BatchQC: Batch Effects Quality Control
======================================
Sequencing and microarray samples often are collected or processed in multiple
batches or at different times. This often produces technical biases that can
lead to incorrect results in the downstream analysis. BatchQC is a software tool
that streamlines batch preprocessing and evaluation by providing interactive
diagnostics, visualizations, and statistical analyses to explore the extent to
which batch variation impacts the data. BatchQC diagnostics help determine
whether batch adjustment needs to be done, and how correction should be applied
before proceeding with a downstream analysis. Moreover, BatchQC interactively
applies multiple common batch effect approaches to the data, and the user can
quickly see the benefits of each method. BatchQC is developed as a Shiny App.

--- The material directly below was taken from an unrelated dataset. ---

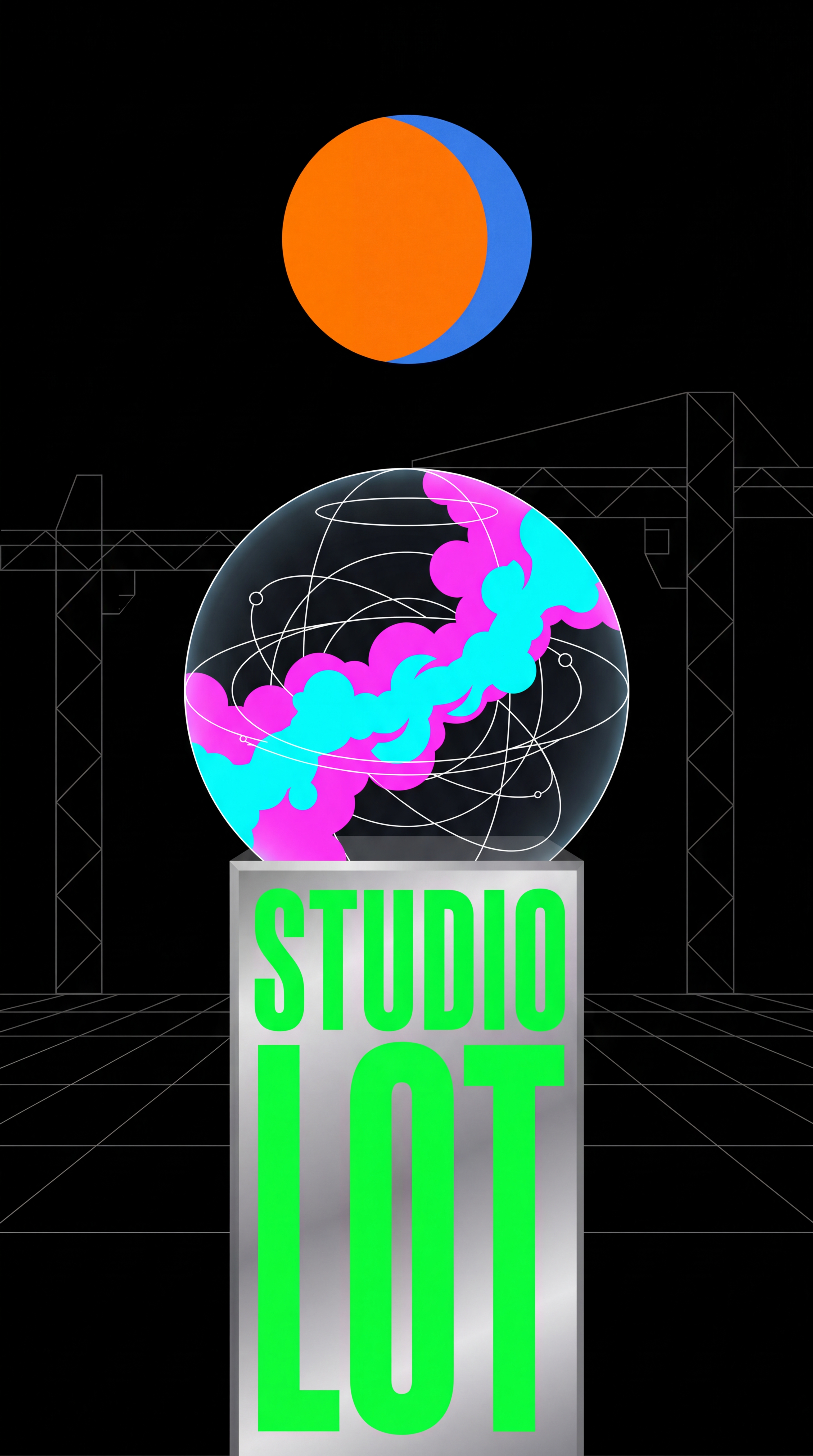 The Lot's geography is malleable, shifting its aesthetic based on proximity to active league 'sets.' The sky is the series' geometric sun/moon cycle, framed by massive, faint wireframe gantries of the Lot's superstructure. Ambient sound is a collage of distant film production noises from adjacent sets. Central landmarks maintain a neutral VaporGrid aesthetic of wireframe grids and flat neon colors.
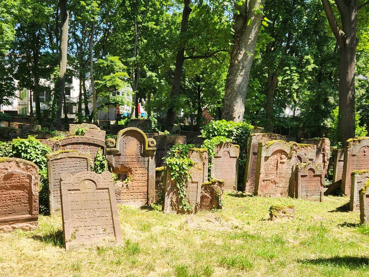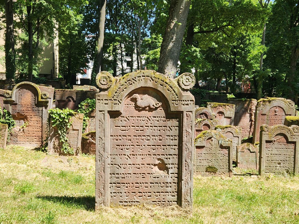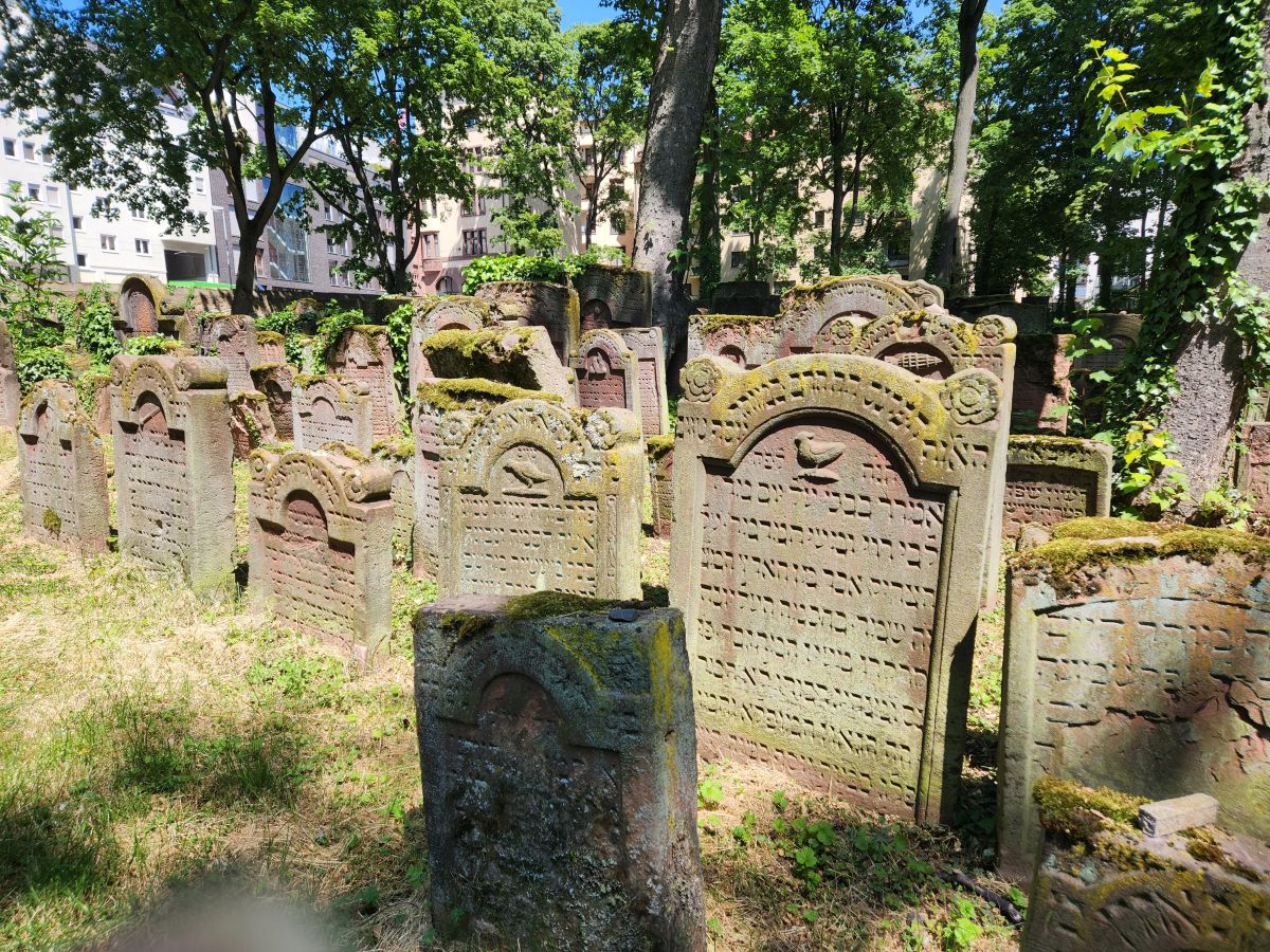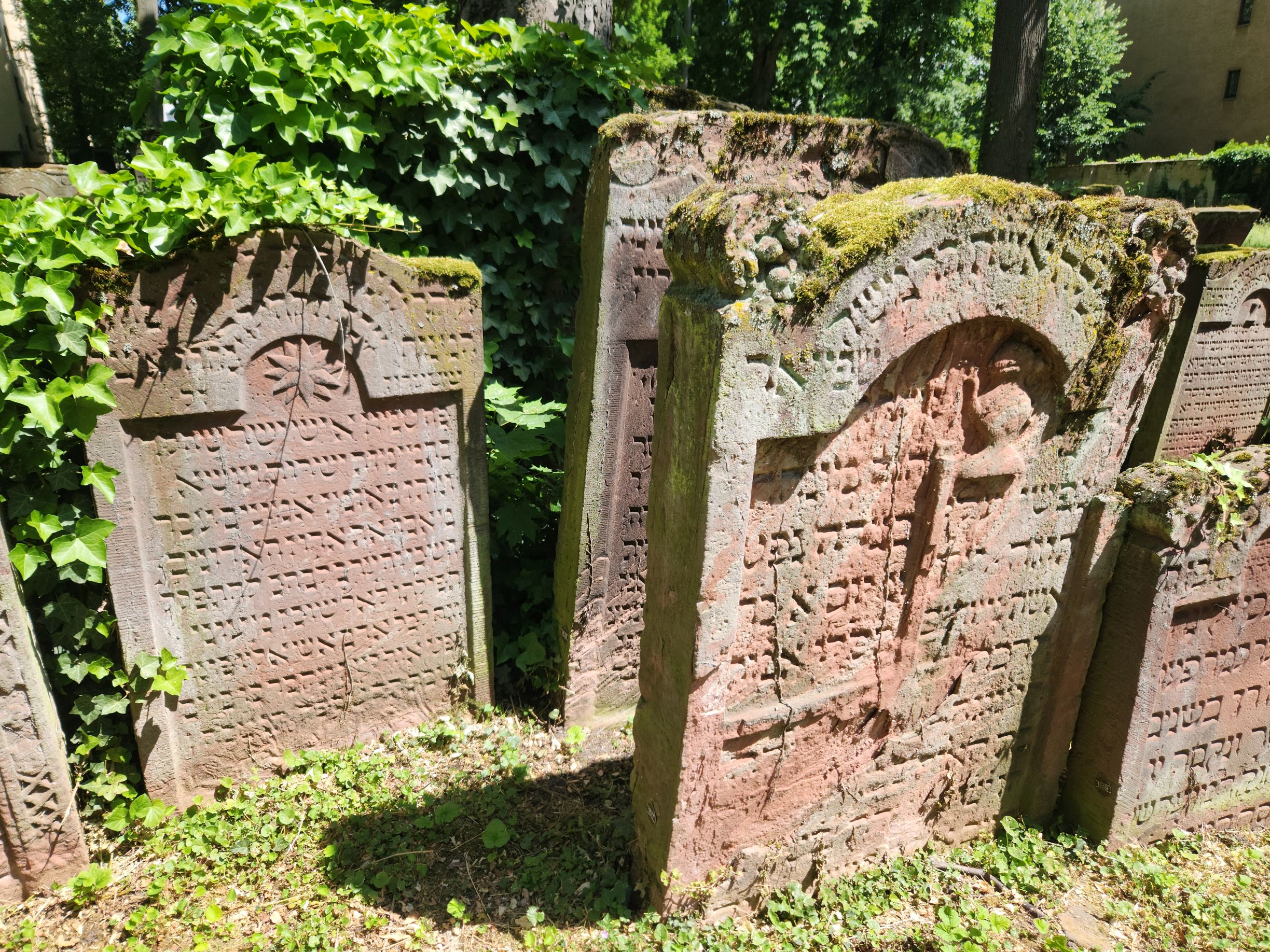 After lunch, we make our way over to the Judengasse museum which turns out to be the highlight. The museum tells the story of the Judengasse, the Jews who lived there and how the Holocaust affected the area, including the synagogue which was burned during Kristallnacht and the graveyard which was desecrated, but that the powers that be managed to save about 1600 gravestones while the other were destroyed by the Nazis. There are also great old pictures of the original street as it looked before it was razed in the 1800s and of the massive synagogue before it was burned to the ground.

The output is organized into multiple tabs, and each tab features an important
part of the batch effect analysis and visualization of the data. The BatchQC
interface has the following analysis groups: Summary, Differential Expression,
Median Correlations, Heatmaps, Circular Dendrogram, PCA Analysis, Shape, ComBat
and SVA.
The package includes:
1. Summary and Sample Diagnostics
2. Differential Expression Plots and Analysis using LIMMA
3. Principal Component Analysis and plots to check batch effects
4. Heatmap plot of gene expressions
5. Median Correlation Plot
6. Circular Dendrogram clustered and colored by batch and condition
7. Shape Analysis for the distribution curve based on HTShape package
8. Batch Adjustment using ComBat
9. Surrogate Variable Analysis using sva package
10. Function to generate simulated RNA-Seq data
`batchQC` is the pipeline function that generates the BatchQC report and
launches the Shiny App in interactive mode. It combines all the functions into
one step.
## Installation
To begin, install [Bioconductor](http://www.bioconductor.org/) and simply
run the following to automatically install BatchQC and all the dependencies,
except pandoc, which you have to manually install as follows.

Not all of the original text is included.